Work request:
Could you return the lines below exactly, from the first line up to and including the line that holds "针对一个索引的字段,给定范围检索数据,在 where 语句中使用了:between...and、<、>、<=、in"?

(Excerpts from a dataset)
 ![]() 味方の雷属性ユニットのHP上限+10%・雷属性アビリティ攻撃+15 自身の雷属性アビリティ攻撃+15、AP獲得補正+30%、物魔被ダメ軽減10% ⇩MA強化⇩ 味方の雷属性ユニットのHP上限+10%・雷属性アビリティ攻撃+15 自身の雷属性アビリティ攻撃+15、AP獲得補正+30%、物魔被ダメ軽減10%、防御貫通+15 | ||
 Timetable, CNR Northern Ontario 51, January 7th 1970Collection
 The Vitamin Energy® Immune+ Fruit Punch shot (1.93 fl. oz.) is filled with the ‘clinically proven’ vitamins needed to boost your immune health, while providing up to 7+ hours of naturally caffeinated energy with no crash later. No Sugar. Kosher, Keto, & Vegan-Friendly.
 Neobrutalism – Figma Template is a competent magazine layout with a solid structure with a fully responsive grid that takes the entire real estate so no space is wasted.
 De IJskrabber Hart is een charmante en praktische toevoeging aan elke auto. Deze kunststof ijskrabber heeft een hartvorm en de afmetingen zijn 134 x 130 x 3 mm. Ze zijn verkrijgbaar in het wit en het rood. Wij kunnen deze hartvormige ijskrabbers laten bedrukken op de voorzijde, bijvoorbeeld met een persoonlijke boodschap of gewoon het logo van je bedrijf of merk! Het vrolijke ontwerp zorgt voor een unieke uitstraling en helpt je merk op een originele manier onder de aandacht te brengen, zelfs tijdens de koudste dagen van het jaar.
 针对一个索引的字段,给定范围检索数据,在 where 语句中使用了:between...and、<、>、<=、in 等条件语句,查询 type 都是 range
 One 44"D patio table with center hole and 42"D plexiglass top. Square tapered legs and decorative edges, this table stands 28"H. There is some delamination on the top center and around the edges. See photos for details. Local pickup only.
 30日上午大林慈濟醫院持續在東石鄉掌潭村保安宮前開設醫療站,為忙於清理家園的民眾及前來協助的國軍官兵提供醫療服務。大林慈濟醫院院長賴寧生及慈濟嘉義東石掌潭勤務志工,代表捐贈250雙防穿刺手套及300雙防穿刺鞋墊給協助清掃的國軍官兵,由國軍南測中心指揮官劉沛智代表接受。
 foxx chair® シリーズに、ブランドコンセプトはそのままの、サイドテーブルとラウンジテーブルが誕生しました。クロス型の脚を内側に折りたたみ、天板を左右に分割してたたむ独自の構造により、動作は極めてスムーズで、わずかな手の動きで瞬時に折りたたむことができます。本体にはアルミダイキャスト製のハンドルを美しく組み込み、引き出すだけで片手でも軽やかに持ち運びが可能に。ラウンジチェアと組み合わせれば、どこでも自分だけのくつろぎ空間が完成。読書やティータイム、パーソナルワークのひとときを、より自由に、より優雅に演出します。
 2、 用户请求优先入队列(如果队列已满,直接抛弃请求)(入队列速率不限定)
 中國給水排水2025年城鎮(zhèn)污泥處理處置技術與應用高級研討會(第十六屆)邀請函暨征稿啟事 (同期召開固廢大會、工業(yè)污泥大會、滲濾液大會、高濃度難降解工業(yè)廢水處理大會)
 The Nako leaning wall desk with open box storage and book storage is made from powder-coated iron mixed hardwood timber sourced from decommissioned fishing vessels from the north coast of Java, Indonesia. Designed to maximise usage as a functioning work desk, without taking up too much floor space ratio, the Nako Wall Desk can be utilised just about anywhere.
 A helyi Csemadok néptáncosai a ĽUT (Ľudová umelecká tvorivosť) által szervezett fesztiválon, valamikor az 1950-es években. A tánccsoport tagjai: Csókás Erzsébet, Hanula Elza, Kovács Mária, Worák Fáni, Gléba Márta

Written answer:
 ![]() 味方の雷属性ユニットのHP上限+10%・雷属性アビリティ攻撃+15 自身の雷属性アビリティ攻撃+15、AP獲得補正+30%、物魔被ダメ軽減10% ⇩MA強化⇩ 味方の雷属性ユニットのHP上限+10%・雷属性アビリティ攻撃+15 自身の雷属性アビリティ攻撃+15、AP獲得補正+30%、物魔被ダメ軽減10%、防御貫通+15 | ||
 Timetable, CNR Northern Ontario 51, January 7th 1970Collection
 The Vitamin Energy® Immune+ Fruit Punch shot (1.93 fl. oz.) is filled with the ‘clinically proven’ vitamins needed to boost your immune health, while providing up to 7+ hours of naturally caffeinated energy with no crash later. No Sugar. Kosher, Keto, & Vegan-Friendly.
 Neobrutalism – Figma Template is a competent magazine layout with a solid structure with a fully responsive grid that takes the entire real estate so no space is wasted.
 De IJskrabber Hart is een charmante en praktische toevoeging aan elke auto. Deze kunststof ijskrabber heeft een hartvorm en de afmetingen zijn 134 x 130 x 3 mm. Ze zijn verkrijgbaar in het wit en het rood. Wij kunnen deze hartvormige ijskrabbers laten bedrukken op de voorzijde, bijvoorbeeld met een persoonlijke boodschap of gewoon het logo van je bedrijf of merk! Het vrolijke ontwerp zorgt voor een unieke uitstraling en helpt je merk op een originele manier onder de aandacht te brengen, zelfs tijdens de koudste dagen van het jaar.
 针对一个索引的字段,给定范围检索数据,在 where 语句中使用了:between...and、<、>、<=、in 等条件语句,查询 type 都是 range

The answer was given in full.